*PROVIDED ENTRIES*.
◆ ◆ ◆

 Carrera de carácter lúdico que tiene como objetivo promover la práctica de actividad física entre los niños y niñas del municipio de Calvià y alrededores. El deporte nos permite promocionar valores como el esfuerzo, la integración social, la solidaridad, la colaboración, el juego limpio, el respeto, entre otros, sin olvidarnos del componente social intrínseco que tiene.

◆ ◆ ◆

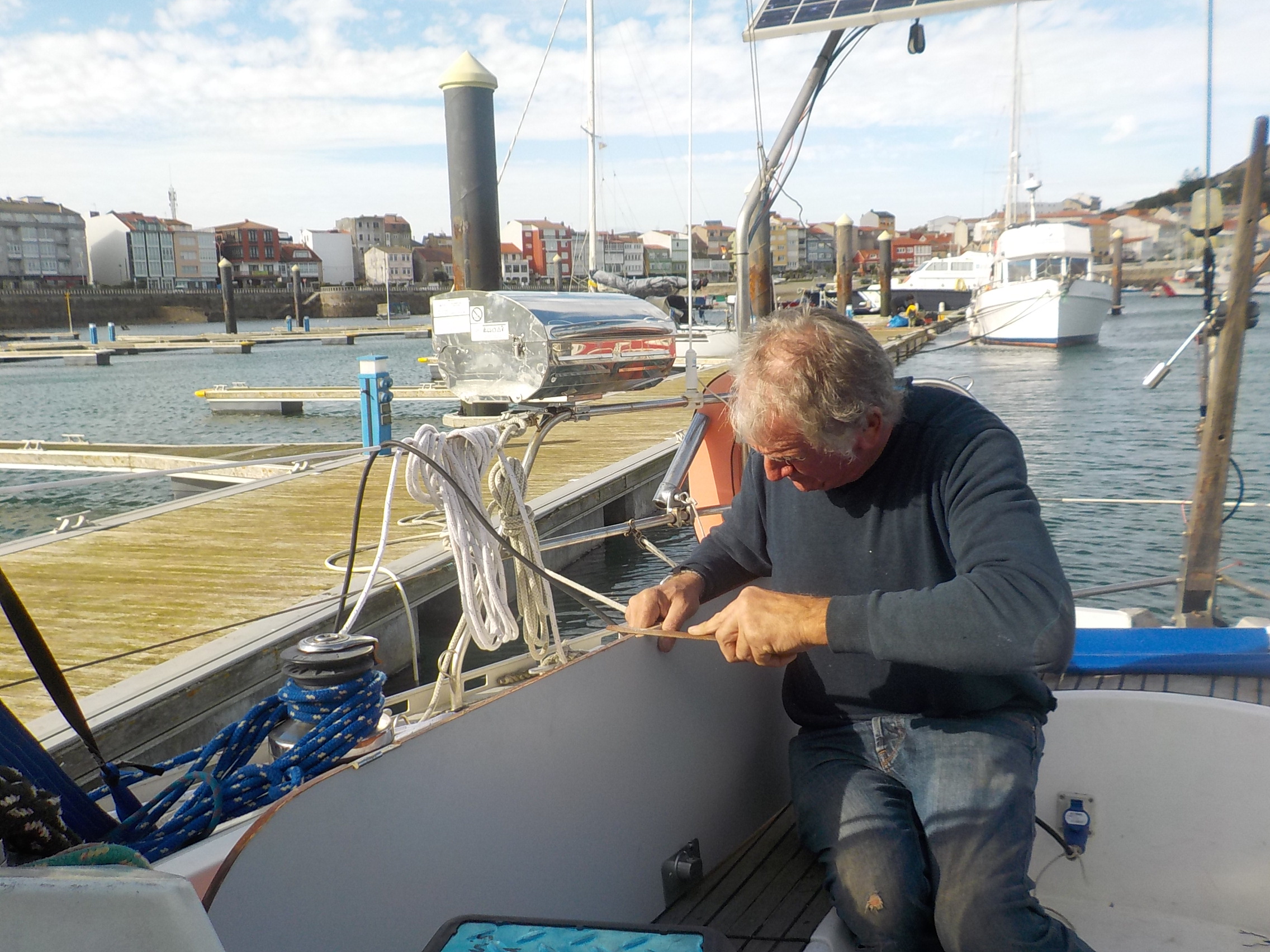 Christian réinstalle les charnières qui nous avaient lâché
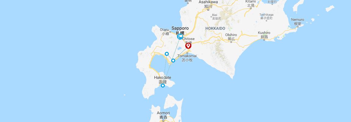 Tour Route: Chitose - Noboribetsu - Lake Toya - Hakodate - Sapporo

◆ ◆ ◆

The answer is those lines of the material above that run from the one containing "Christian réinstalle les" up to and including the one containing "Tour Route: Chitose", restated exactly and without images.

*WRITTEN SOLUTION*.
 Christian réinstalle les charnières qui nous avaient lâché
 Tour Route: Chitose - Noboribetsu - Lake Toya - Hakodate - Sapporo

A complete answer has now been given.